APPD Market Report Article
Melbourne
November 19, 2024Large tenants drive demand as smaller tenants lag recovery
- The Melbourne CBD recorded negative net absorption over the quarter, totalling -8,500 sqm. Demand was predominantly driven by consolidation of some government sector tenants as well as small tenant consolidation activity. Headline vacancy increased to 19.8%.
- The Melbourne Fringe market recorded strong demand with net absorption totalling 24,500 sqm driven by small occupier demand. The S.E.S market recorded negative net absorption of -27,700 sqm, largely the result of contraction from the utilities sector and small tenants.
The Fringe recorded two projects reaching completion
- There were no project completions in the Melbourne CBD over the quarter. The Fringe recorded two completions, delivering a total of 31,700 sqm, with the completed refurbishment of 380 St Kilda Road reflecting 78% of this figure. The S.E.S market recorded no completions.

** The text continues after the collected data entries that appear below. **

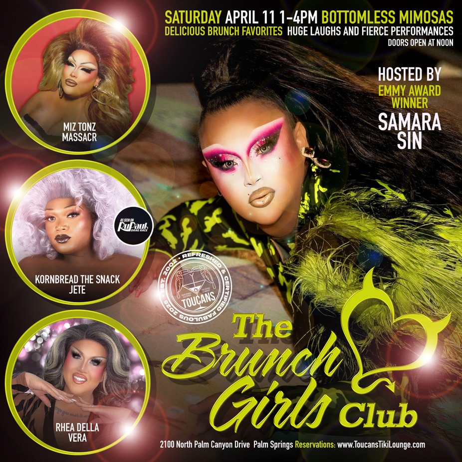 THE BRUNCH MUST GO ON! The BRUNCH GIRLS Club AT TOUCANS! Get ready for a brunch that’s better, juicier, bubblier, and bigger than ever! Toucans Drag Brunch - every Saturday at 1 PM — and we’re bringing BIG DRAG ENERGY with delicious food, fun, and fabulousness. Expect: Bottomless mimosas / Delicious brunch favorites / Huge laughs and fierce performances. We’re celebrating the Magic of Drag with LOCAL FAVORITES seasoned with Regional and Celebrity Queens for a drag experience that serves your soul and fills your tiny little belly. Kick off your weekend with food, fun, and fabulousness — only at Toucans!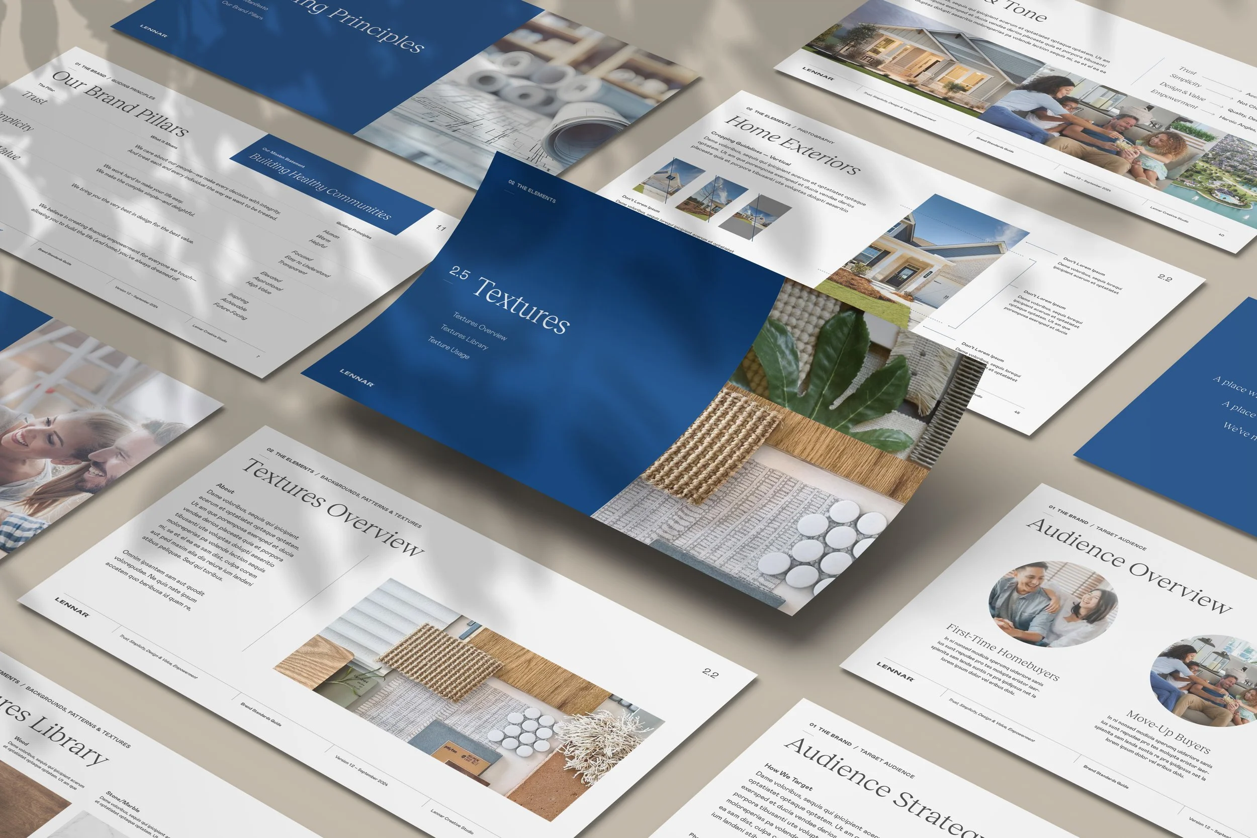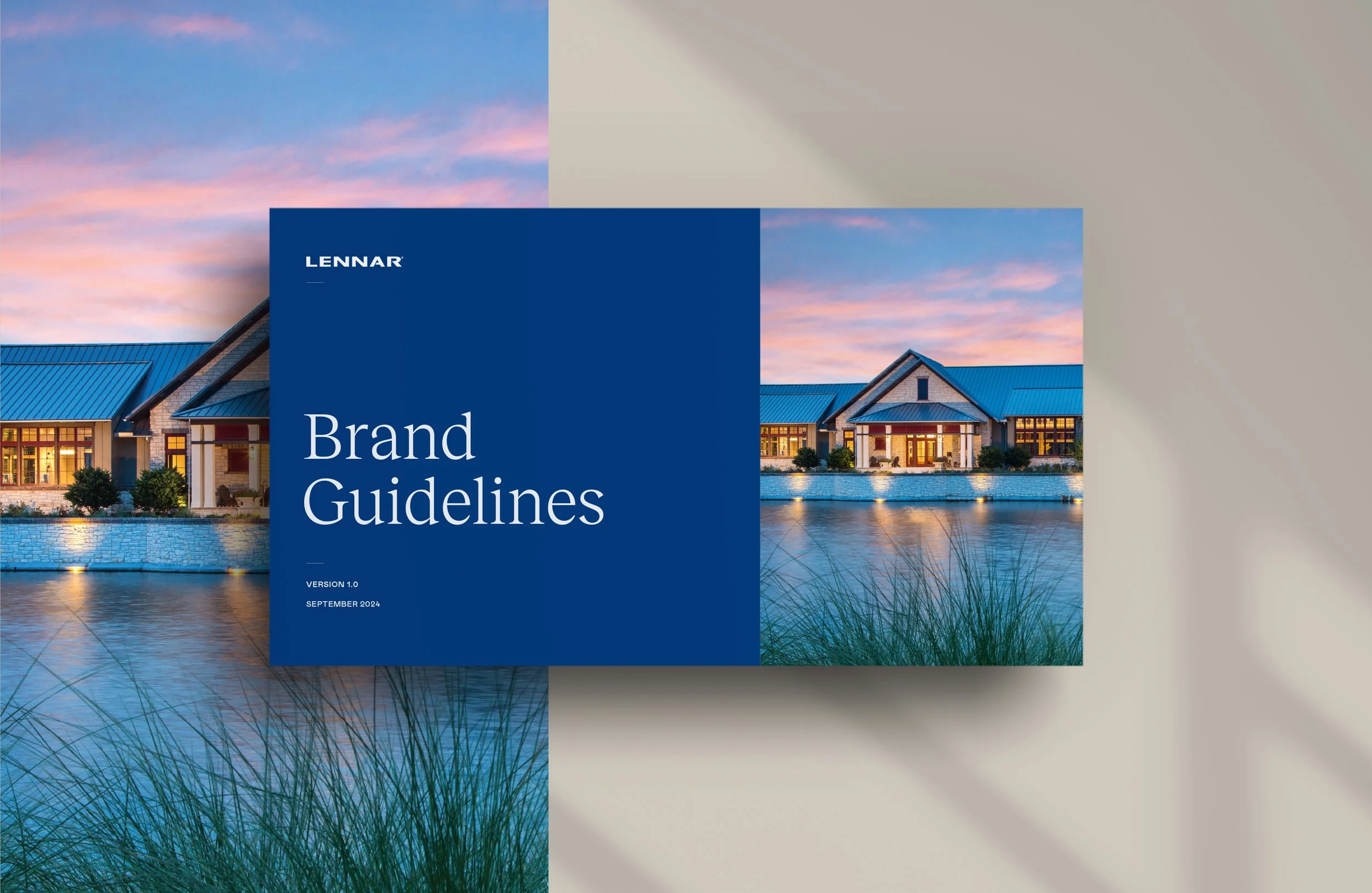 This extensive project involved a full-scale brand refresh for renowned home builder, Lennar—triggered by the need for a brand repositioning and refresh in a growing, competitive market. The project included strategizing new brand pillars, establishing a much more extensive (and warm) color palette, introducing new, textile-inspired patterns, expanding on brand voice, providing a much-needed guide for photography, and so much more. This was all summarized into a curated 100-page standards guide and distributed nationally.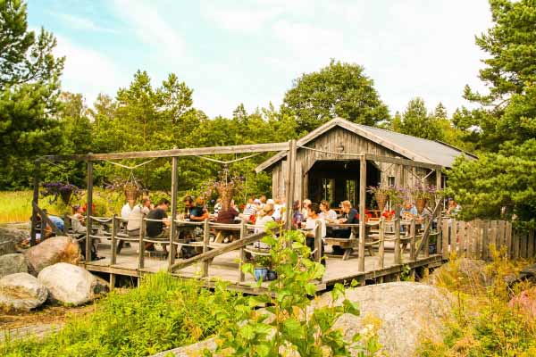 Alldeles vid ångbåtsbryggan ligger denna jättepopulära skärgårdskrog. Många bröllop och födelsedagar bokas här för man kan även sova över. En stor uteservering med bar under tak lockar till allt från sköna frukostar till sent barhäng.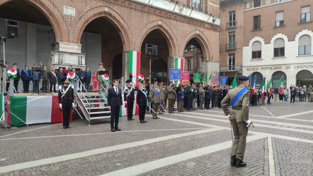 La giornata è tornata ad essere festa nazionale, come ricorda il ministro della Difesa Crosetto nel messaggio diffuso in mattinata e letto anche dal palco cremonese, col preciso scopo di rafforzare concetti troppo spesso disattesi. Il Prefetto Antonio Giannelli nella sua allocuzione ha parlato direttamente alle rappresentanze dei vari Corpi schierati davanti al palco d’onore: “A loro – ha detto tra l’altro -è particolarmente affidato il compito di custodire i valori e la tradizione di civiltà e di difenderli sia in patria che nei diversi uffici e contesti nei quali sono chiamati ad operare”.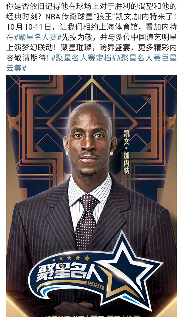 加内特上任了什么新岗位呢?为了更好的推动中国篮球发展,为了提升篮球影响力,让更多的人一起投入到中国篮球的发展当中,CBA名宿马布里发动了2024年“聚星名人赛”,这场比赛,马布里牵线邀请了包括加内特在内的NBA退役名宿,同时邀请了宋雨琦、李宇春等等演艺圈的明星参赛,马布里计划将篮球+明星+公益等元素融合,更好的帮助中国篮球推广。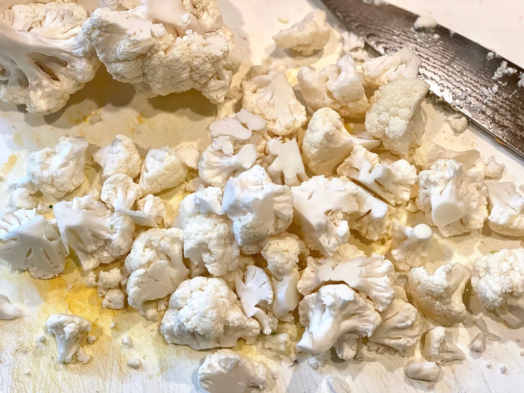- Chop your cauliflower into nice florets. If the cauliflower is big like mine was you can use half. If it’s small you can use the entire thing. It truly just depends on how many people you’re cooking for.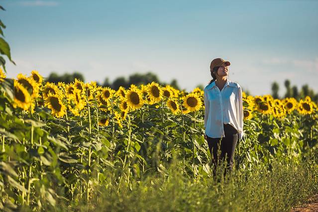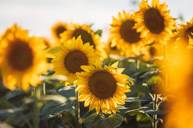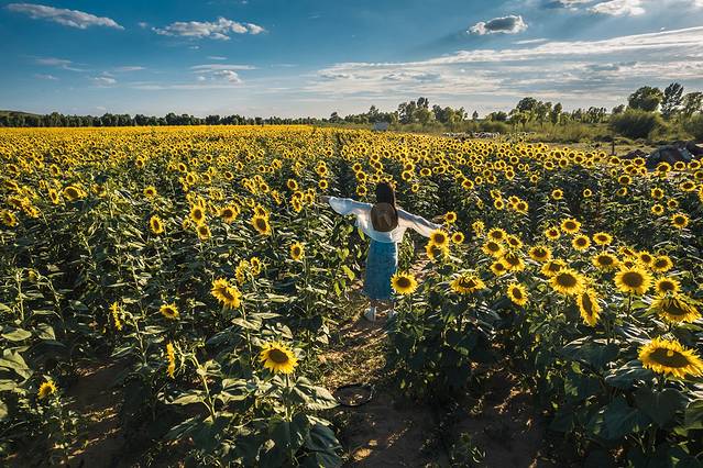 无边无际的绿色海洋在阳光的照耀下翠绿欲滴,仿佛是大自然为我们铺展的绿色毯子。向日葵花海如同一幅色彩斑斓的画卷,为整片草原增添了浓郁的生命气息。金黄的花瓣在阳光下绚烂耀眼,犹如成千上万颗太阳在大地上开放。

- JLL is currently tracking 10 projects under construction in the Melbourne CBD (205,663 sqm), with a further eight in the Fringe (87,500 sqm), and an additional two in the S.E.S (55,000 sqm). There is a blended precommitment rate of 27% across these projects.
CBD yields stabilise as the metro markets record further softening
- CBD prime net effective rents (PNER) fell -2.1% q-o-q to AUD 321 per sqm per annum (-6.4% y-o-y). Fringe PNER fell -1.74% q-o-q to AUD 283 per sqm per annum (-9.61% y-o-y), and the S.E.S. PNER fell 0.3% over the quarter to AUD 238 per sqm per annum (-6.79% y-o-y).
- Prime CBD yields stabilised, maintaining a range between 5.63%-6.25%. Fringe prime yields softened 25 bps on both ends to now range between 6.25%-8.00%. S.E.S prime yields softened 50 bps on the upper end and 25 bps on the lower end to reach a range of 7.00%-8.00%.
Outlook: Space rationalization slowing but is likely to continue
- CBD demand is anticipated to remain soft over the short term. Some organisations are anticipated to continue going through space rationalisation plans which will dampen demand. However, as return to office mandates increase, positive demand is anticipated by late 2025.
- With increasing clarity on the cash rate outlook, office yields are expected to stabilise, likely stimulating growth in local investor demand for Melbourne office assets in the near term.